▶ _TASK REQUIREMENTS_: Give back the exact lines of the material below from the one containing "اضف الدفء والراحة" through the one containing "Inside a state-of-the-art", and no pictures.

▶ _INPUT RECORDS_:
┏━━

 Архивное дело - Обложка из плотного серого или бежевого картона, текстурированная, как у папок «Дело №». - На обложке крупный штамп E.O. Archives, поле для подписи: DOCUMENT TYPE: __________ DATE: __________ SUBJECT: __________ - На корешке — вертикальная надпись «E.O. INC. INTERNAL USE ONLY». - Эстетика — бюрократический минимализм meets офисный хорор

┗━━
┏━━

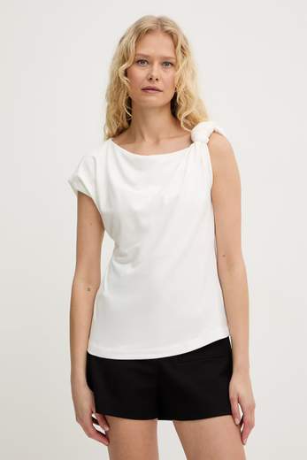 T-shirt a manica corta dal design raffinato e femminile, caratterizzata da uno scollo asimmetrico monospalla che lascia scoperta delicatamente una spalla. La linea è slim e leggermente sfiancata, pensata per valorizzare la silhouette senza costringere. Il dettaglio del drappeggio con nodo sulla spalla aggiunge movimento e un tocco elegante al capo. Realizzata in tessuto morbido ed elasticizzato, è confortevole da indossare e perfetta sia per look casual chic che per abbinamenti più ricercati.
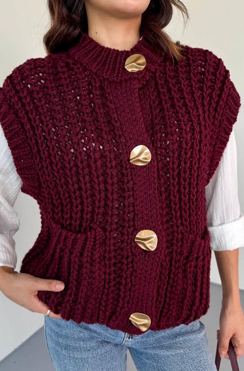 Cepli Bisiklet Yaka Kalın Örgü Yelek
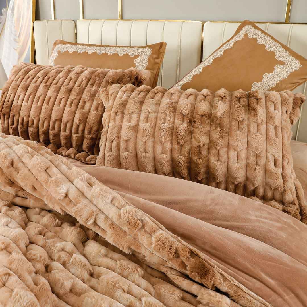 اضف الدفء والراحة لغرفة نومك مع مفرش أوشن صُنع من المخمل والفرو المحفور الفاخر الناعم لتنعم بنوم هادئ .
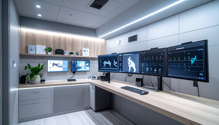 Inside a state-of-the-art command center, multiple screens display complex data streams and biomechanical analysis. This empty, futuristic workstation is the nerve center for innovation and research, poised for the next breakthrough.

┗━━

▶ _WRITTEN ANSWER_:
 اضف الدفء والراحة لغرفة نومك مع مفرش أوشن صُنع من المخمل والفرو المحفور الفاخر الناعم لتنعم بنوم هادئ .
 Inside a state-of-the-art command center, multiple screens display complex data streams and biomechanical analysis. This empty, futuristic workstation is the nerve center for innovation and research, poised for the next breakthrough.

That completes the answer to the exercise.